微妙な顔をしながら聞いて来るルヴィアを見るに、さっき言ったランサーとの戦いで使った訳ではないのは何となく察しているらしい…まぁ何だかんだ付き合いも長いからだろう…

 

「…後に聞いたらアーチャーは召喚された当初凛と連携を取る気がまるで無かったらしい…その癖口調も自分を小馬鹿にしていると感じたそうでな…つい、カッとなった勢いで令呪を使ってしまったんだ…自分に必ず服従する様に、と。」

 

「呆れますわね…」

 

……今はともかく…昔のルヴィアなら何となく同じ事をしそうな気もする…アーチャーのあの口調はナチュラルに人を煽りに行ってるからな…

 

「先にした令呪の縛りによりマスターの凛の命令には必ず服従の筈が…既にとどめを刺す直前の段階だった為効かなかったのか、それとも凛のいつものうっかりで忘れていたのかは教えてくれなかったが…結局凛は二画しか無い令呪を使ってアーチャーを止めてしまったんだ。直後にやってしまった事に気付くが後の祭り…最も結果アーチャーは攻撃を止めたがな。」

 

「取り敢えずやってしまった事は仕方無い。
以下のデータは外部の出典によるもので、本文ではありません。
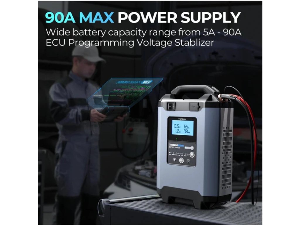 TOPDON Tornado90000 – špičková chytrá nabíječka navržená pro profesionální a komerční použití. Podporuje 12V i 24V olověné akumulátory s kapacitou od 5 do 90 Ah. Tornado90000 nabízí flexibilní nastavení proudu a napětí a chrání baterie prostřednictvím 9krokového inteligentního nabíjení a 6 programovatelných režimů nabíjení. Funkce SUPPLY Mode poskytuje stabilní DC výstup a umožňuje použití zařízení jako programovacího stabilizátoru napětí pro ECU.

残り一画になった令呪に溜め息を吐きたくなりながらも私の治療に向かったらしい…が、ここで予期せぬ事が起こった…」

 

「と言うと?」

 

「…私の傷が既に塞がり始めていたそうだ…凛が治療を始める前にな。」

 

「……衛宮さんが無意識に治療魔術を?」

 

「…いや、私は今でも専門外だ…当時の私が満足に使えたのは強化と解析のみだ…」

 

「では…何故そんな事が?」

 

「おいおい説明しよう…とにかくその謎の現象に驚きつつもアーチャーが凛、セイバーが気絶したままの私を抱えて家まで帰ったんだ…そして、結局私は意識が戻らず…私が眠っている間に私と凛の同盟の話をセイバーに先より詳しく説明しようとしたらしいが、『マスターが目覚めてから聞きます』の一点張り…そもそも凛のサーヴァントのアーチャーから攻撃を受けているんだ、信用していなかったんだろうな…仕方無く凛は私とセイバーを残して自分の屋敷に戻ったそうだ。」